Here is the judgment condition! It refers to "non", because the default isKilled is 0, which means "no", so the condition here is "non-NO", and the double positive table is negative. Then when isKilled is 1, the condition becomes "non yes", that is, the output is not executed.

Finally, after outputting the laser, judge whether it is hit:

if(y + 2 == ny){
	isKilled = 1;
}

Here y + 2 is because the laser is output in the center of the aircraft, and there are two spaces between the center of the aircraft and the Y coordinate.

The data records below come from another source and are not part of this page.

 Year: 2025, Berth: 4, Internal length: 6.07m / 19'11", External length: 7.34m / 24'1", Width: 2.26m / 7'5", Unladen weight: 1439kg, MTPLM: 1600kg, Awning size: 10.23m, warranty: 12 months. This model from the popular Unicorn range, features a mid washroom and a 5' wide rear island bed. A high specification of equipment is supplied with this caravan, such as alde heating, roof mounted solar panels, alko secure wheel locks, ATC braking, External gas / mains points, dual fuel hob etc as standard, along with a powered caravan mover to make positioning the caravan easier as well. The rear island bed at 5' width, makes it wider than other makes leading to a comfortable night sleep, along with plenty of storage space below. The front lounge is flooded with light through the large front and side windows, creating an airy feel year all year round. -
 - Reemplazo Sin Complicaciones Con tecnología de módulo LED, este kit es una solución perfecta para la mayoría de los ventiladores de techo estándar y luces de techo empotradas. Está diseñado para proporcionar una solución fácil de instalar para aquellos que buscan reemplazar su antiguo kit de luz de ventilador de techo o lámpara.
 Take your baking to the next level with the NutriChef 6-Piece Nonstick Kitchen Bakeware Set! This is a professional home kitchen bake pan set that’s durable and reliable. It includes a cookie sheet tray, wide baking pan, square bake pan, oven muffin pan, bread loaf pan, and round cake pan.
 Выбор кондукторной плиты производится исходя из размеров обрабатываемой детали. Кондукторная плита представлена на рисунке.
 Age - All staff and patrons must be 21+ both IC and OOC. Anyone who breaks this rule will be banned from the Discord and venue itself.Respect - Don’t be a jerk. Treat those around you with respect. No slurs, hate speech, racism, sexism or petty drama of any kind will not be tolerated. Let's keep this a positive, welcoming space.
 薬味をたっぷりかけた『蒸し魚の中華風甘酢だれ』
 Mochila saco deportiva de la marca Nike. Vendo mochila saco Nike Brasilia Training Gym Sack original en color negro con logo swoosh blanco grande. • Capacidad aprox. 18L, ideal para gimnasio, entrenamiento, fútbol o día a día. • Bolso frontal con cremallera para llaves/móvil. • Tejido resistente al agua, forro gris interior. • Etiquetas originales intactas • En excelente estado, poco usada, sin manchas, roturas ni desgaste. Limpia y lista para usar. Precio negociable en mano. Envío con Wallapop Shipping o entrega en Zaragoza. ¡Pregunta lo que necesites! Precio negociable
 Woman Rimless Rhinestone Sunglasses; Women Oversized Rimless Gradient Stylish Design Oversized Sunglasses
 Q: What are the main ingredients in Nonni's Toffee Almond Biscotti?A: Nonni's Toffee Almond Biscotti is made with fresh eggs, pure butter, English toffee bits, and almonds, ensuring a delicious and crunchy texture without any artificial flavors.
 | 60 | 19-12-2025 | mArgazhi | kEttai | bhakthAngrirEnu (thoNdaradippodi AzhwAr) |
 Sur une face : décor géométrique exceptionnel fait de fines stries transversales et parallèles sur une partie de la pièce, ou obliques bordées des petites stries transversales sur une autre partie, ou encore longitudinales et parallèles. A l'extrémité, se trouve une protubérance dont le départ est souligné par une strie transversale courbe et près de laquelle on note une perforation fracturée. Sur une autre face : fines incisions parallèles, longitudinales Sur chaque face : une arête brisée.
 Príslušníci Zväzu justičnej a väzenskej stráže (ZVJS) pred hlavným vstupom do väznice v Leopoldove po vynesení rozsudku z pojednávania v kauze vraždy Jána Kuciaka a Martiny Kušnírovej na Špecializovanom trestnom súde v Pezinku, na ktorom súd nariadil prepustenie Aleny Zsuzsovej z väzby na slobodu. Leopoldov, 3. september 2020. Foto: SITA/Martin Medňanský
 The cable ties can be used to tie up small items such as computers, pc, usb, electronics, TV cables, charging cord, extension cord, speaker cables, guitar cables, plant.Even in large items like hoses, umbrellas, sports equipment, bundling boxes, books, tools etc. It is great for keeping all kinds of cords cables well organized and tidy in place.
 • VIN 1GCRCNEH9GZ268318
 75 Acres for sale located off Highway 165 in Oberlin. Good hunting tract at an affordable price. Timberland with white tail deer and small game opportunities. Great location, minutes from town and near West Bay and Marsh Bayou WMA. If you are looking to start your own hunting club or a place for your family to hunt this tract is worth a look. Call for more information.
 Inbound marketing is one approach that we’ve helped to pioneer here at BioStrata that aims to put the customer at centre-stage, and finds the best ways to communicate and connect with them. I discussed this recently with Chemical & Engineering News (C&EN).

Note that this code must be inserted after the output laser and before isFire is zeroed (if isFire is zeroed first, you can hit a hammer).

Summary

Full code:

#include <stdio.h>
#include <stdlib.h>
#include <conio.h>
int main(){
	int i,j;
	int x = 5;
	int y = 10;
	char input; //Variables declared here are used to detect input
	int ny = 5; //ny represents the y coordinate of the target, which is in the first line by default
	int isKilled = 0; //Hit status is 0
	int isFire = 0; //The laser status is 0
	
	while(1){
		system("cls"); //Clear screen, Linux changed to clear
		if(isFire == 0) 
		{	//No laser, normal output blank line
			for(i=0; i<x; i++)
				printf("\n");
		}
		else
		{	//There is a laser, which outputs "|" above the aircraft
			for(i=0; i<x; i++) //First, traverse the x coordinate to ensure that there is a laser in each line above
			{
				for(j=0; j<y; j++)
					printf(" "); //Output a blank line before the y coordinate
				printf("  |\n"); //Coordinate output "|" when reaching the corresponding aircraft head 
			}
			if(y + 2 == ny)
				isKilled = 1;
			isFire = 0; //Set the value of isFire to zero after each laser output, otherwise it will be output all the time
		}
		//A cooler plane
		for(j=0; j<y; j++)
			printf(" ");
		printf("  *  \n"); //nose of an airplane
		for(j=0; j<y; j++)
			printf(" ");
		printf("*****\n"); //Aircraft body
		for(j=0; j<y; j++)
			printf(" ");
		printf(" * * \n"); //Aircraft tail
		printf("\n");
	
		if(kbhit()){ //Judge whether there is input
			input = getch();
				if(input == 'a')
					y --;
				if(input == 'd')
					y ++;
				if(input == 's')
					x ++;
				if(input == 'w')
					x --;
		}
	}
	return 0;
}

Thinking questions:
1. Hit a moving target?

At present, the game is still very simple. Don't worry. There will be more and more complex games in the future.